Perlahan laki laki itu merogoh sesuatu dalam tasnya, dan mengeluarkan selembar kertas. Terlihat seperti kertas usang, yang sudah agak kecoklatan. Seperti kertas jaman dulu. Dan sebuah bolpoin hitam.
Ia menyodorkan pada gadis dihadapannya. Entah apa tujuannya, sehingga Aluna hanya bisa menatap polos dengan raut bertanya, laki laki itu terkekeh pelan
“Kamu tahu, aku dulu pernah mendengar. Entah siapa yang mengatakannya aku lupa. Kalau kamu rindu dengan seseorang, tapi kamu tahu rindu itu tidak akan tersampaikan pada tuannya. Selain doa, kamu bisa menuangkannya pada secarik kertas. Ya istilahnya menulis surat untuk seseorang yang dirindukan. Aku sudah sering melakukannya kadang membuatku sedikit lega, dan aku ingin kamu juga”

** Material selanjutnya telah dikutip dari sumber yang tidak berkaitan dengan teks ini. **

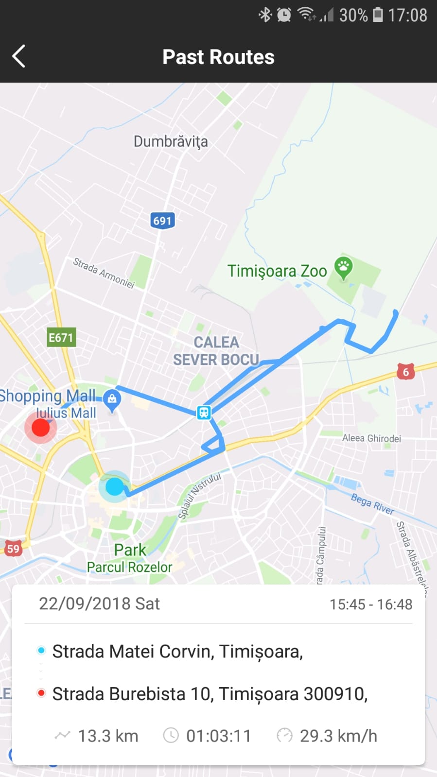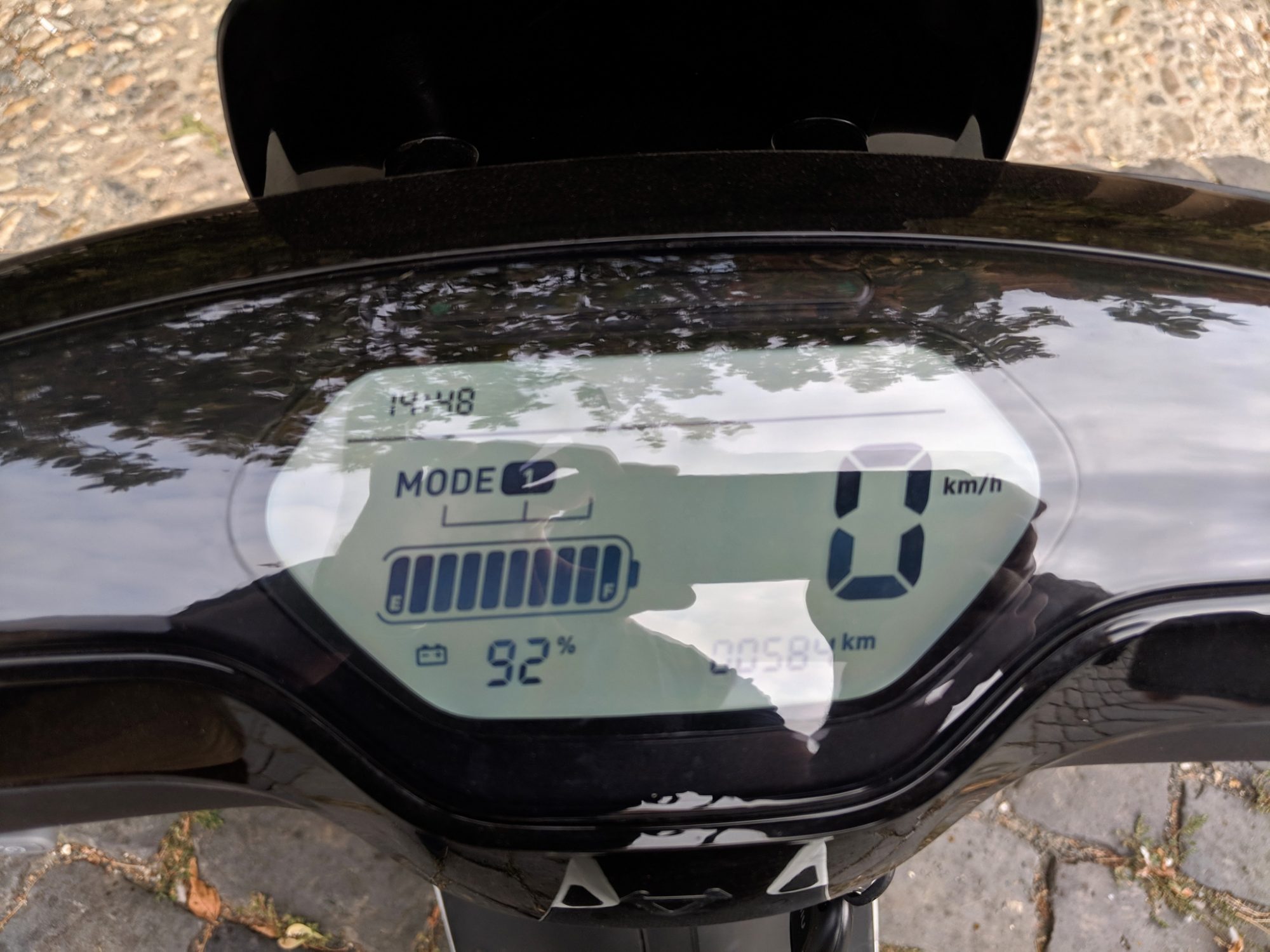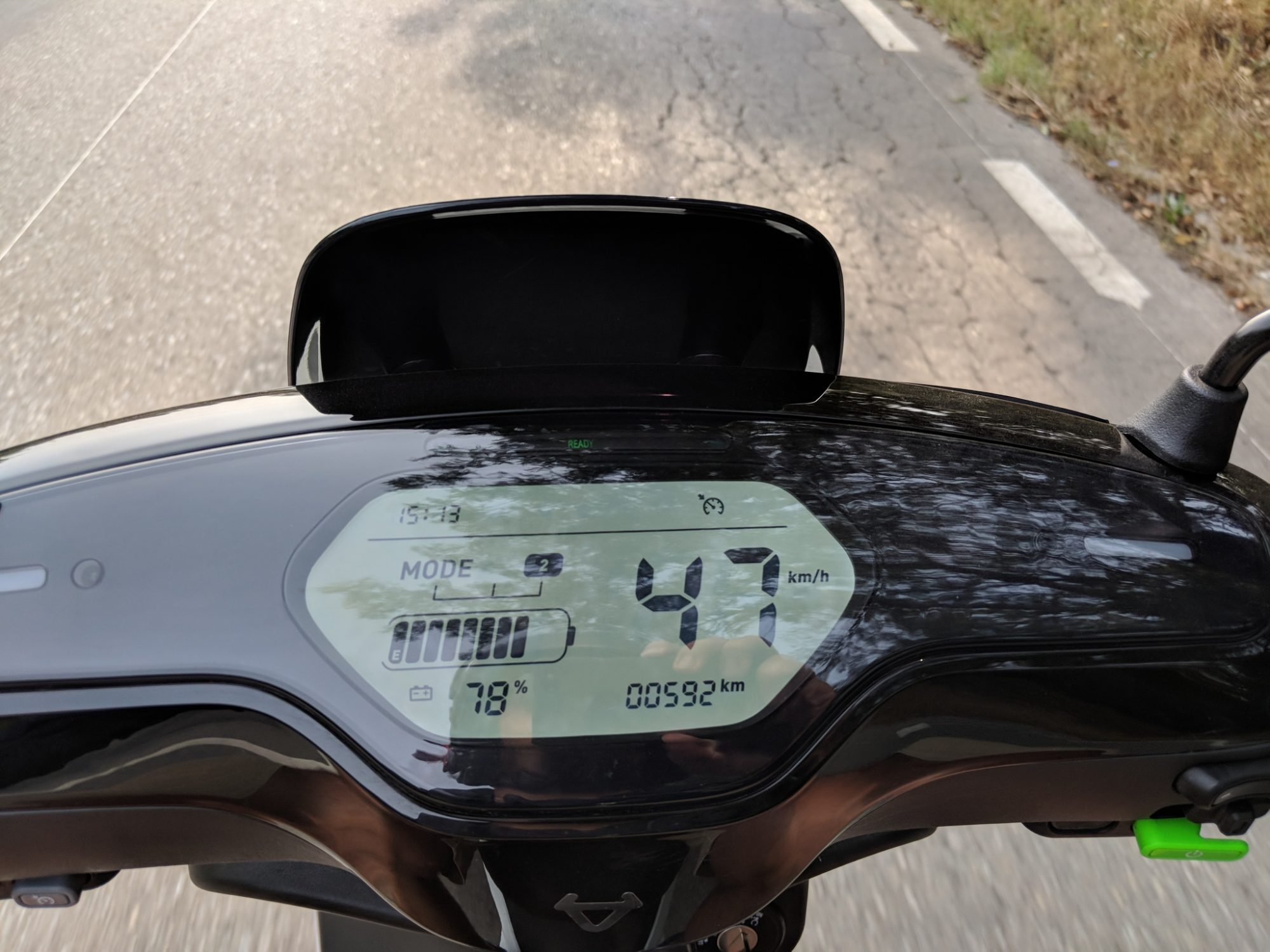 In cele 3-4 ore cat a fost scuterul la mine n-am folosit modul ECO decat de test de cateva ori, ca dovada este viteza medie de 30 Km/h. In rest am mers cu viteza maxima de fiecare data cand am avut ocazia. Iar avand in vedere ca a fost o sambata libera in Timisoara, am putut merge destul de des cu 45 Km/h.
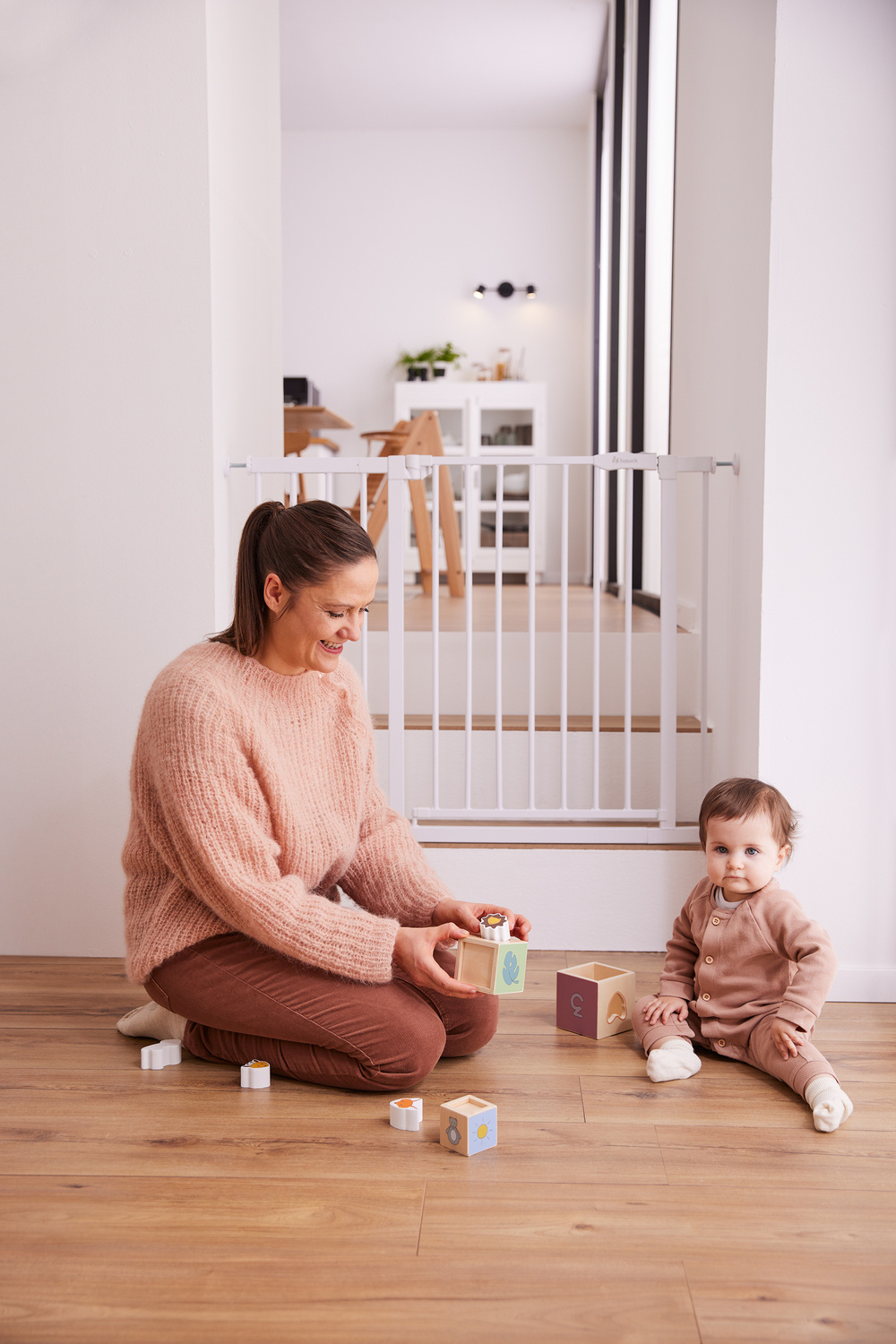 Ať už doma, u prarodičů nebo na dovolené - díky přítlačnému upevnění s nastavovacími šrouby lze dětskou branku snadno namontovat a demontovat v několika jednoduchých krocích.
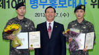 [OSEN=정송이 기자] 27일 오전 서울지방병무청 대회의실에서 진행된 '제 10대 병무홍보대사 위촉식'에서 상추, 박창명 서울병무청장, 이특이 포토타임을 갖고 있다. 이상철(상추), 박정수(이특) 홍보대사는 일일 명예 징병관으로
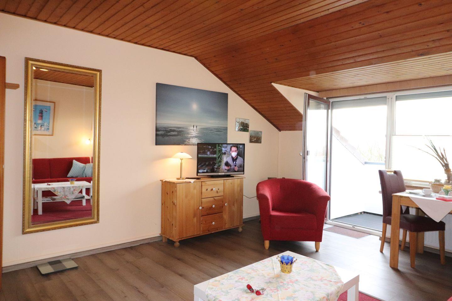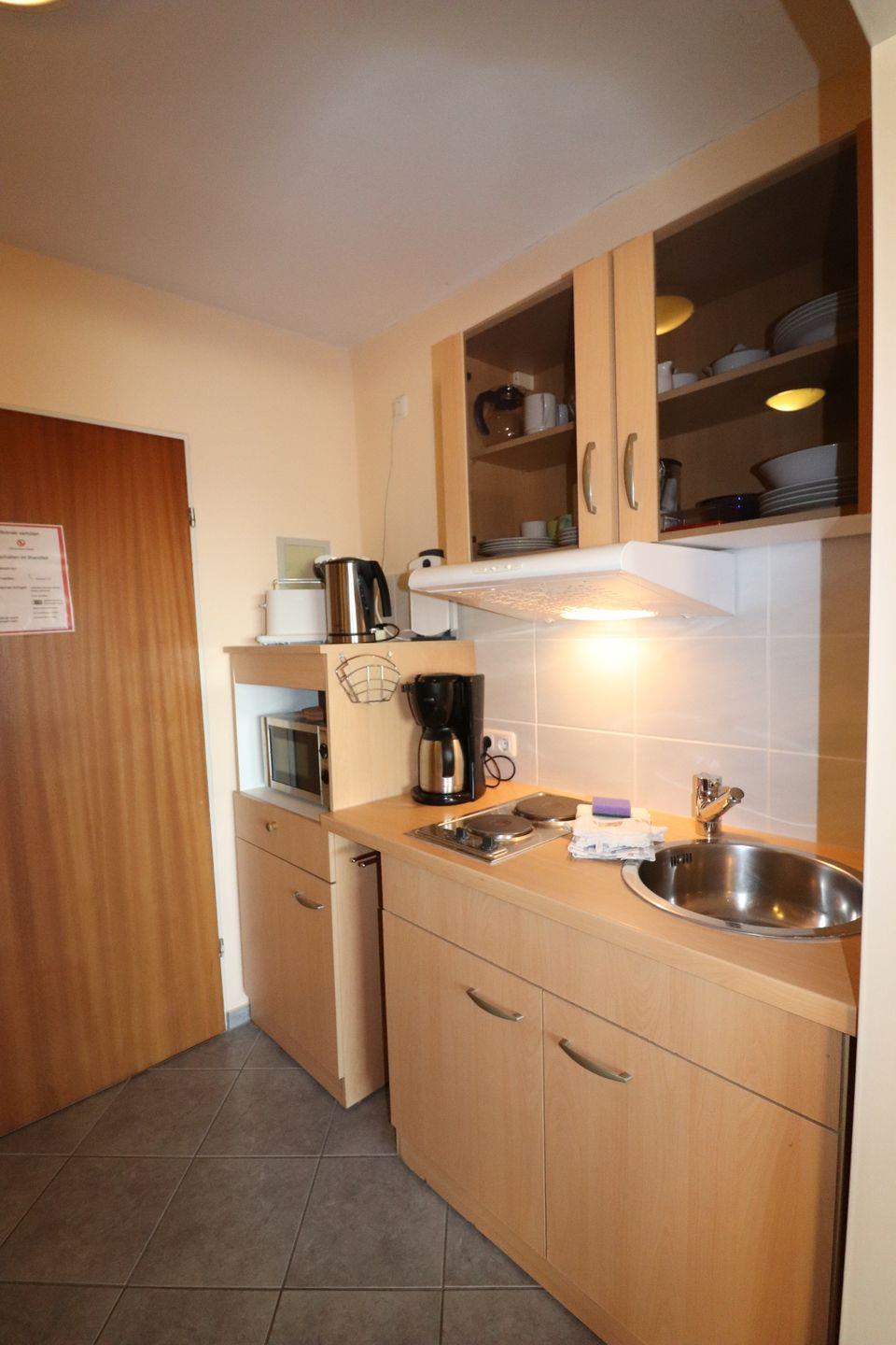 Das 1-Raum Appartement auf ca. 32 m² ist ein kombi. Wohn-/ Ess-/ und Schlafraum mit Balkon zur Seeseite (Süden) mit Blick in den Kurpark. Die Wohnung liegt im 2. Stock, ist gemütlich eingerichtet und hat einen eingeschränkten Seeblick (Saisonbedingt durch die Bäume) . Die kleine Küche verfügt über eine Mikrowelle, Wasserkocher, Kaffeemaschine, Toaster, sowie Geschirr für den täglichen Bedarf sind ebenfalls vorhanden. Duschbad. Haustiere sind nicht erlaubt.
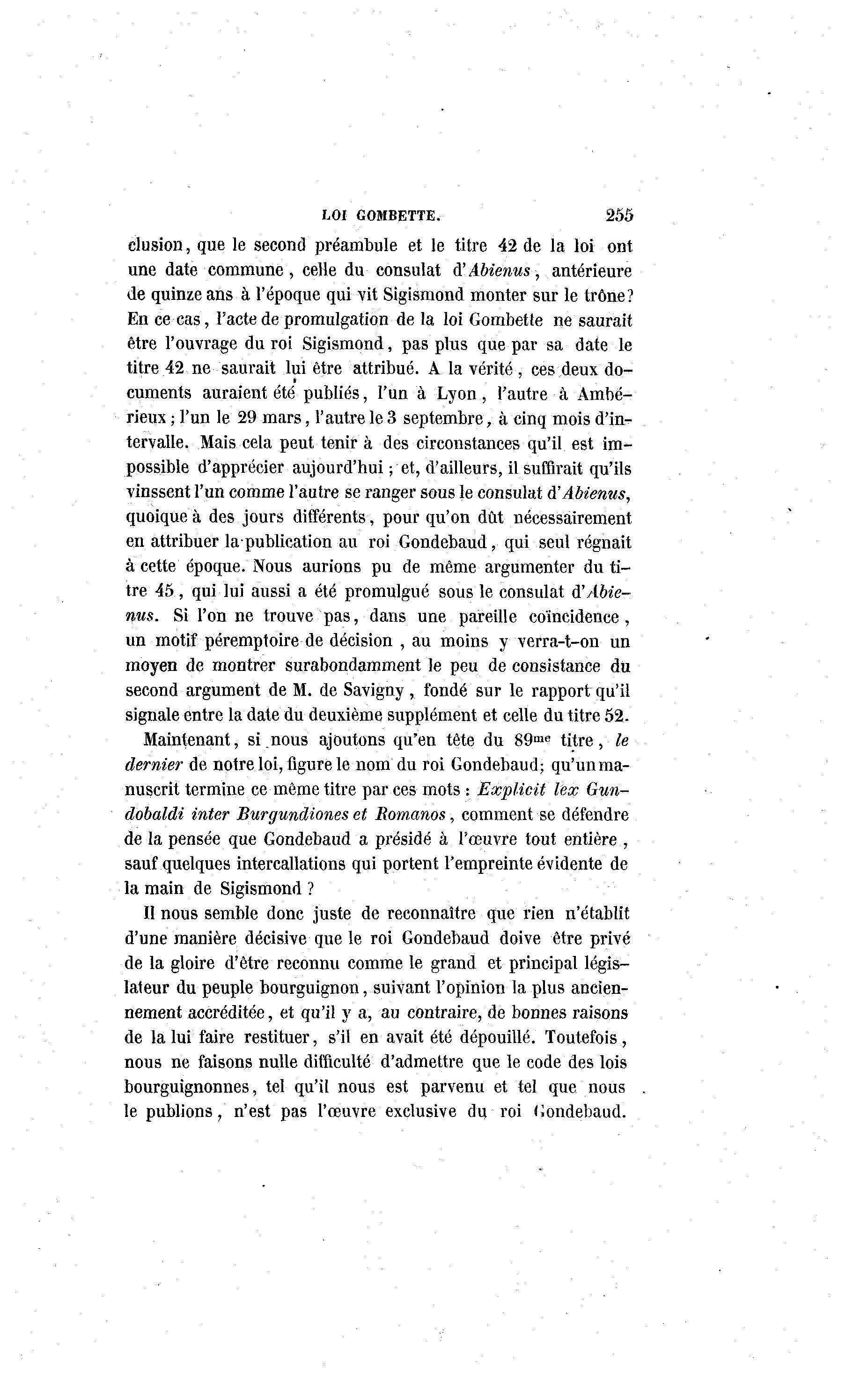 LOI GOMBETTE. 255 clusion, que le second préambule et le titre 42 de la loi ont une date commune, celle du consulat à 'Abienus, antérieure de quinze ans à l'époque qui vit Sigismond monter sur le trône? En ce cas, l'acte de promulgation de la loi Gombette ne saurait être l'ouvrage du roi Sigismond, pas plus que par sa date le titre 42 ne saurait lui être attribué. A la vérité , ces deux do- cuments auraient été publiés, l'un à Lyon, l'autre à Ambé- rieux ; l'un le 29 mars, l'autre le 3 septembre, à einq mois d'in- tervalle. Mais cela peut tenir à des circonstances qu'il est im- possible d'apprécier aujourd'hui ; et, d'ailleurs, il suffirait qu'ils vinssent l'un comme l'autre se ranger sous le consulat A'Abienus, quoique à des jours différents, pour qu'on dût nécessairement en attribuer la-publication au roi Gondebaud, qui seul régnait à cette époque. Nous aurions pu de même argumenter du ti- tre 4 5 , qui lui aussi a été promulgué sous le consulat à 'Abie- nus. Si l'on ne trouve pas, dans une pareille coïncidence, un motif péremptoire de décision , au moins y verra-t-on un moyen de montrer surabondamment le peu de consistance du second argument de M. de Savigny, fondé sur le rapport qu'il signale entre la date du deuxième supplément et celle du titre 52- Maintenant, si nous ajoutons qu'en tête du 89 me titre, le dernier de notre loi, figure le nom du roi Gondebaud; qu'un ma- nuscrit termine ce même titre par ces mots : Explicit lex Gun- dobaldi inter Burgundiones et Romanos, comment se défendre de la pensée que Gondebaud a présidé à l'œuvre tout entière , sauf quelques intercallations qui portent l'empreinte évidente de la main de Sigismond ? Il nous semble donc juste de reconnaître que rien n'établit d'une manière décisive que le roi Gondebaud doive être privé de la gloire d'être reconnu comme le grand et principal légis- lateur du peuple bourguignon, suivant l'opinion la plus ancien- nement accréditée, et qu'il y a, au contraire, de bonnes raisons de la lui faire restituer, s'il en avait été dépouillé. Toutefois, nous ne faisons nulle difficulté d'admettre que le code des lois bourguignonnes, tel qu'il nous est parvenu et tel que nous le publions, n'est pas l'œuvre exclusive du roi Gondebaud.

Aluna tersenyum tipis setelah mendengarnya, dengan hiasan sisa bulir bening yang masih bertengger di pipinya yang merah alami. Jujur saja, selama ini ia belum pernah menulis surat untuk siapapun. Tapi untuk hal ini sepertinya memang benar. Tidak ada salahnya ia mencoba. Tangan lentiknya mulai menari-nari diatas kertas tersebut. Menjejahi setiap sudut kertas.
Kepada kamu yang selama ini sudah menemani
Hai, apa kabar kamu disana?
Kamu sudah enggak merasakan sakit lagi kan??
Aku senang kalau kamu sudah tenang dan bahagia disana. Oh iya sebelumnya kamu pasti heran melihatku dari atas sana Seorang Aluna menulis surat. Mungkin itu menjadi sesuatu hal yang sangat lucu kalau kamu ada disini, bisa juga menjadi bahan usilan kamu buat ngejek aku hahaha.